As usual, I am interested in InnoDB-related bugs:
  • Bug #91861 - "The buf_LRU_free_page function may leak some memory in a particular scenario". This is a very interesting bug report about the memory leak that happens when tables are compressed. It shows how to use memory instrumentation in performance_schema to pinpoint the leak. This bug report is still "Open".
  • Bug #91630 - "stack-use-after-scope in innobase_convert_identifier() detected by ASan". Yura Sorokin from Percona had not only reported this problem, but also contributed a patch.
  • Bug #91120 - "MySQL8.0.11: ibdata1 file size can't be more than 4G". Why nobody tries to do anything about this "Verified" bug reported 2 months ago?
  • Bug #91048 - "ut_basename_noext now dead code". This was reported by Laurynas Biveinis.
Replication problems are also important to know about:
  • Bug #91744 - "START SLAVE UNTIL going further than it should." This scary bug in cyclic replication setup was reported by  Jean-François Gagné 2 weeks ago and is still "Open" at the moment.

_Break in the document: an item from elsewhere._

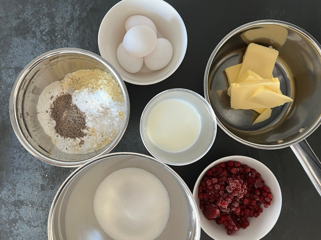 Klassiskt så börjar jag med att väga upp allt. Blandar ägg och socker i en bunke, mixar/mortlar kardemumman och blandar alla torra ingredienser, sätter tillbaka lingonen i frysen till senare och smälter smöret.

  • Bug #91633 - "Replication failure (errno 1399) on update in XA tx after deadlock". On top of all other problems with XA transactions we have in MySQL, it seems that replication may break upon executing a row update immediately after a forced transaction rollback due to a deadlock being detected while in an XA transaction.
Some optimizer bugs also caught my attention:
  • Bug #91486 - "Wrong column type , view , binary". We have a "Verified" regression bug here without a "regression" tag or exact versions checked. Well done, Sinisa Milivojevic!
  • Bug #91386 - "Index for group-by is not used with primary key for SELECT COUNT(DISTINCT a)". Yet another case where a well known bug reporter, Monty Solomon, had  to apply enormous efforts to get it "Verified" as a feature request.
  • Bug #91139 - "use index dives less often". A "Verified" feature request from Mark Callaghan.
The last but not the least, documentation bugs. We have one today (assuming I do not care that much about group replication):
  • Bug #91074 - "INSTANT add column undocumented". It was reported by my former colleague in Percona, Jaime Crespo. The bug is still "Verified" as of now, but since MySQL 8.0.12 release I think it's no longer valid. I see a lot of related details here, for example. But nobody cares to close this bug properly and provide the links to manual that were previously missing.
That's all for today, folks! Stay tuned.